As of September 30, 2008, the Company was in compliance with all applicable covenants required under both the $200.0 million Series A Notes and the $100.0 million Series B Notes.
Other
As of September 30, 2008, “Other” consists of six separate equipment financing agreements entered into by Cardtronics Mexico. Such agreements, which are denominated in Mexican pesos and bear interest at an average fixed rate of 10.96%, were utilized for the purchase of additional ATMs to support the Company’s Mexico operations. Pursuant to the terms of the loan agreement, the Company has issued a guaranty for 51.0% of the obligations under this agreement (consistent with its ownership percentage in Cardtronics Mexico.) As of September 30 2008, the total amount of the guaranty was $44.1 million pesos ($4.0 million U.S.).
(9) Asset Retirement Obligations
The Company accounts for asset retirement obligations in accordance with SFAS No. 143, Asset Retirement Obligations.

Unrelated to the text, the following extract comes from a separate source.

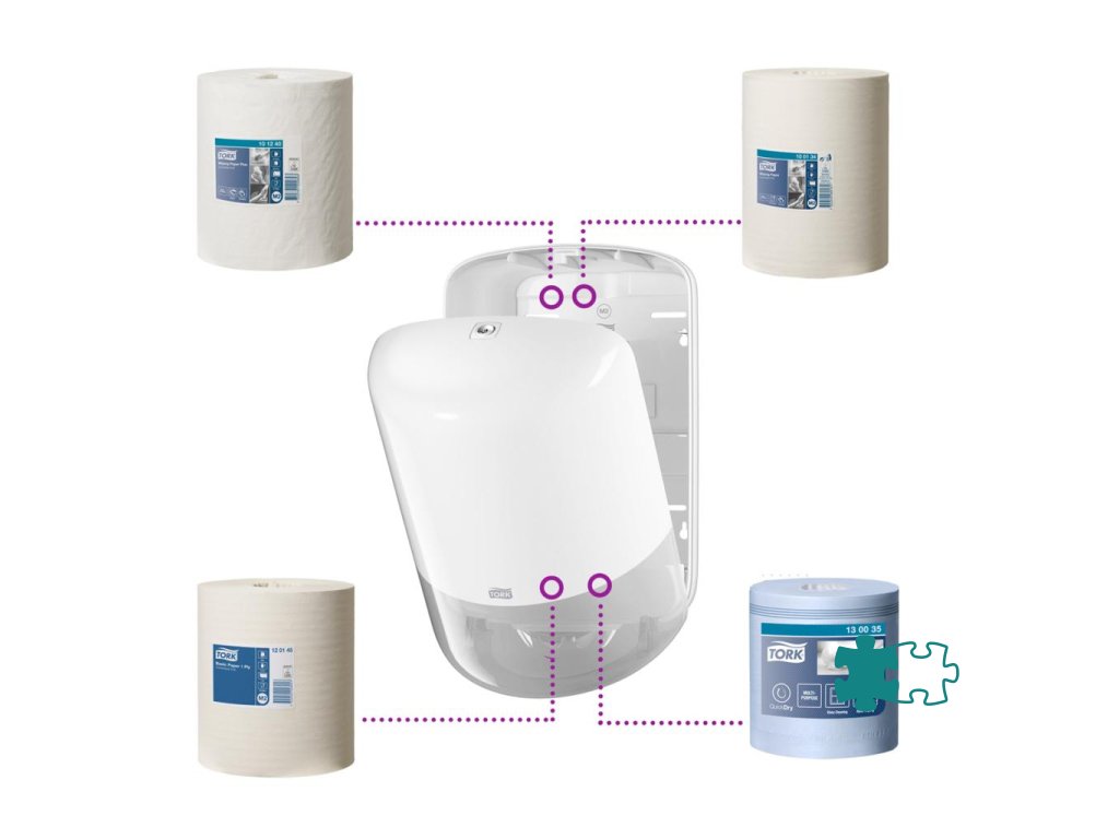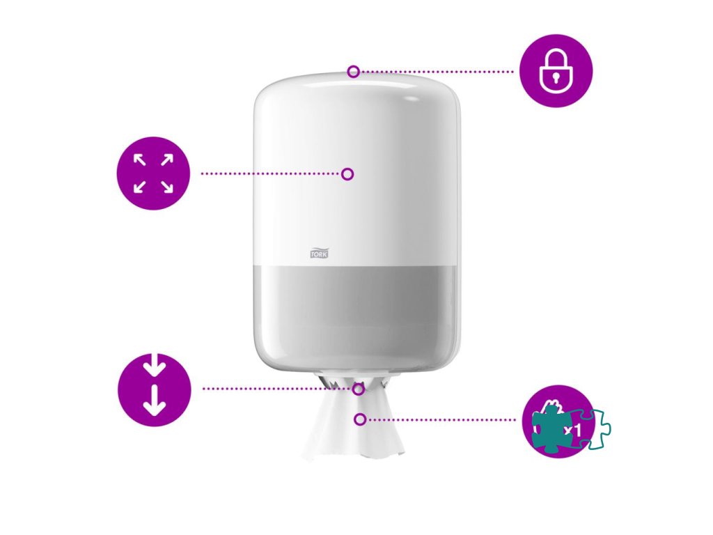 Tork® zásobník so stredovým odvíjaním s dizajnom Elevation je vysoko kompaktné, viacúčelové riešenie pre profesionálne prostredia, kde sú na utieranie povrchu potrebné obe ruky. Rýchle utieranie povrchov vďaka plynulému neobmedzenému prúdu, čo umožňuje používateľom zobrať toľko, koľko vyžadujú ich úlohy.Rozmery zásobníka (šxdxv): 23,9 x 22,7 x 36cm

Asset retirement obligations consist primarily of deinstallation costs of the ATM and the costs to restore the ATM site to its original condition. In most cases, the Company is legally required to perform this deinstallation and restoration work. In accordance with SFAS No. 143, for each group of ATMs, the Company has recognized the fair value of a liability for an asset retirement obligation and capitalized that cost as part of the cost basis of the related asset. The related assets are being depreciated on a straight-line basis over the estimated useful lives of the underlying ATMs, and the related liabilities are being accreted to their full value over the same period of time.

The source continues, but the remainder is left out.